VAST argues that AI is reshaping how data and computing systems are built, bringing previously separate infrastructure layers closer together. Its platform is based on an architecture called DASE, short for Disaggregated Shared Everything, which it says was designed to rethink distributed systems for large-scale AI workloads.

That pitch has found a market among customers building and operating large training and inference environments. Timothée Lacroix, co-founder and chief technology officer of Mistral AI, described data management as central to model development at scale.

"As we push the boundaries of large-scale model training, the foundation of our infrastructure becomes critical. VAST's data platform enables us to efficiently manage and scale the massive datasets required to train frontier models, ensuring high performance and flexibility across our training pipelines," Lacroix said.

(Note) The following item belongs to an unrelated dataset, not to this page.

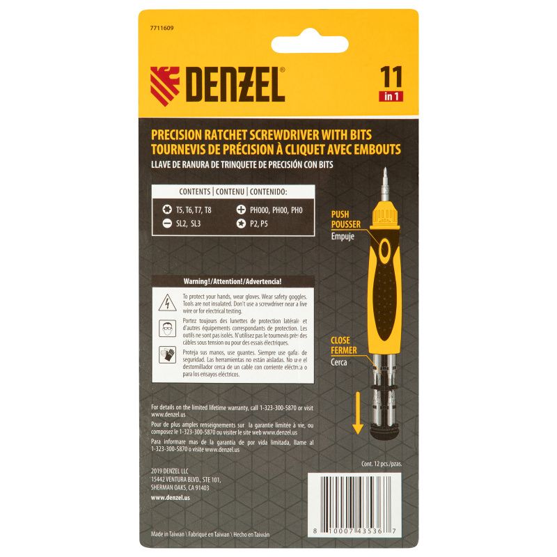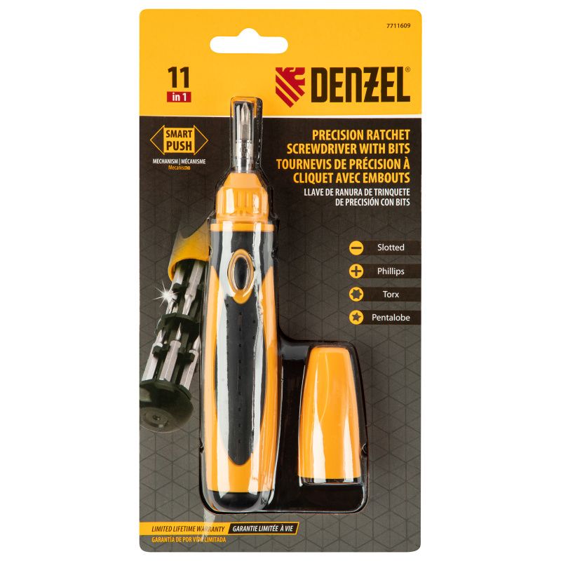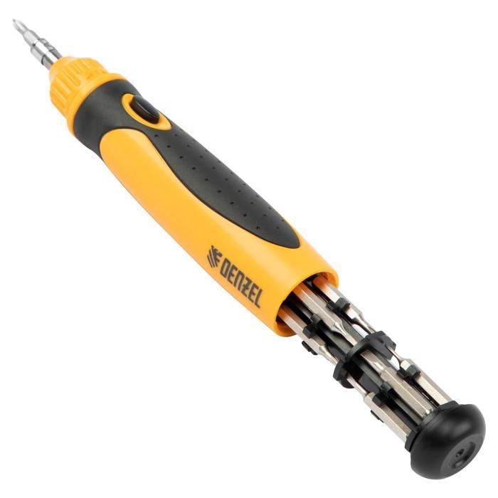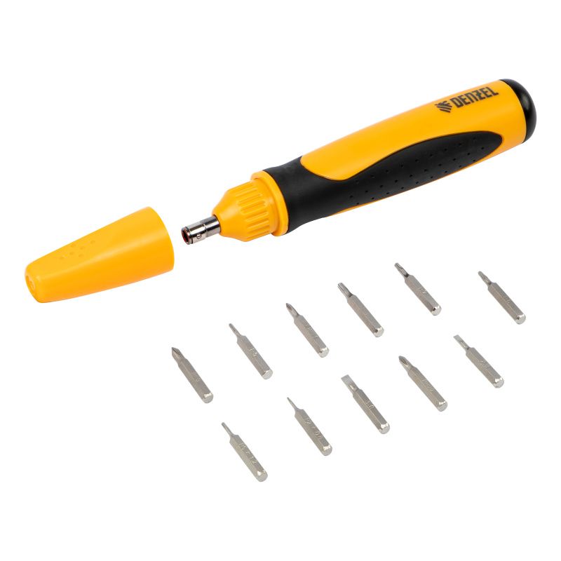 Отвертка реверсивная, механизм SmartPush mini 11 шт, CrMo Denzel, 7711609

Larry Feinsmith, managing director and head of global tech strategy, innovation and partnerships at JPMorganChase, said: "The VAST platform is a key enabling technology for next gen AI infrastructure initiatives - providing a modern, flexible data architecture for Gen AI applications and agentic workflows."

Erwan Menard, SVP product management at Crusoe, said: "Our partnership with VAST Data has grown more than 10x this past year and continues to accelerate - a reflection of how critical an AI data platform is to training and inference workloads on Crusoe Cloud. Together, we've built a storage service which many model labs, leading AI agent companies, and physical AI pioneers rely on. This milestone for VAST validates the essential role they play in helping us give AI infrastructure engineers and developers the seamless, industrial-scale foundation they need to build the future of AI."